Dataset entries:
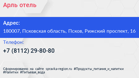 Арль, отель по адресу 180007, Псковская область, Псков, Рижский проспект, 16 в дальнейшем Организация, размещена в следующих категориях:
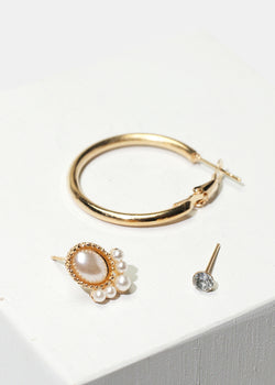 3-pair earrings set featuring pretty pearl stud and hoop earrings. Stylish pair of earrings that go with any look!
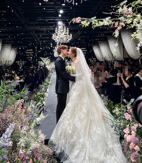 최성준은 "두 분 너무 축하합니다"라는 글과 함께 사진을 게재했고, 공개된 사진 속에는 세븐과 이다해가 버진로드 끝에서 환한 표정으로 입을 맞추며 미소 짓고 있는 모습을 볼 수 있다.
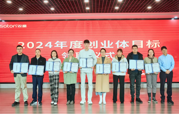 李橋(右三)在2024年年會(huì)上領(lǐng)取年度目標(biāo)
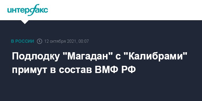 Москва. 12 октября. INTERFAX.RU - Дизельную подводную лодку "Магадан", построенную для Тихоокеанского флота, во вторник, 12 октября, планируют включить в боевой состав Военно-морского флота России.
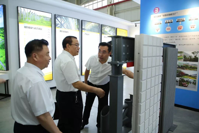 圖為陳玉千一行參觀企業文化展廳裏由天柱牌H型鋼為骨架的裝配式建築節點
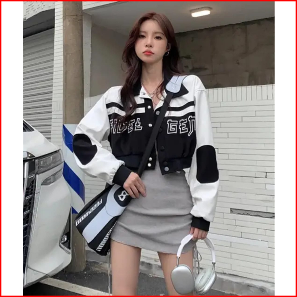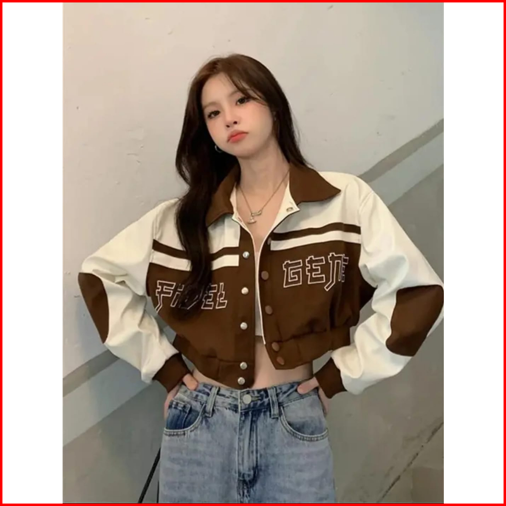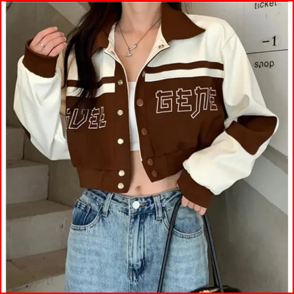 Jacket Crop Wanita Gaya Korean Style Lucu - Guci Croope Jacket Kerah Wanita Kekinian - Crop Top Sweater

__What is being asked__. The records above need to be copied exactly, though not their pictures.

__Exercise result__.
 Арль, отель по адресу 180007, Псковская область, Псков, Рижский проспект, 16 в дальнейшем Организация, размещена в следующих категориях:
 3-pair earrings set featuring pretty pearl stud and hoop earrings. Stylish pair of earrings that go with any look!
 최성준은 "두 분 너무 축하합니다"라는 글과 함께 사진을 게재했고, 공개된 사진 속에는 세븐과 이다해가 버진로드 끝에서 환한 표정으로 입을 맞추며 미소 짓고 있는 모습을 볼 수 있다.
 李橋(右三)在2024年年會(huì)上領(lǐng)取年度目標(biāo)
 Москва. 12 октября. INTERFAX.RU - Дизельную подводную лодку "Магадан", построенную для Тихоокеанского флота, во вторник, 12 октября, планируют включить в боевой состав Военно-морского флота России.
 圖為陳玉千一行參觀企業文化展廳裏由天柱牌H型鋼為骨架的裝配式建築節點
 Jacket Crop Wanita Gaya Korean Style Lucu - Guci Croope Jacket Kerah Wanita Kekinian - Crop Top Sweater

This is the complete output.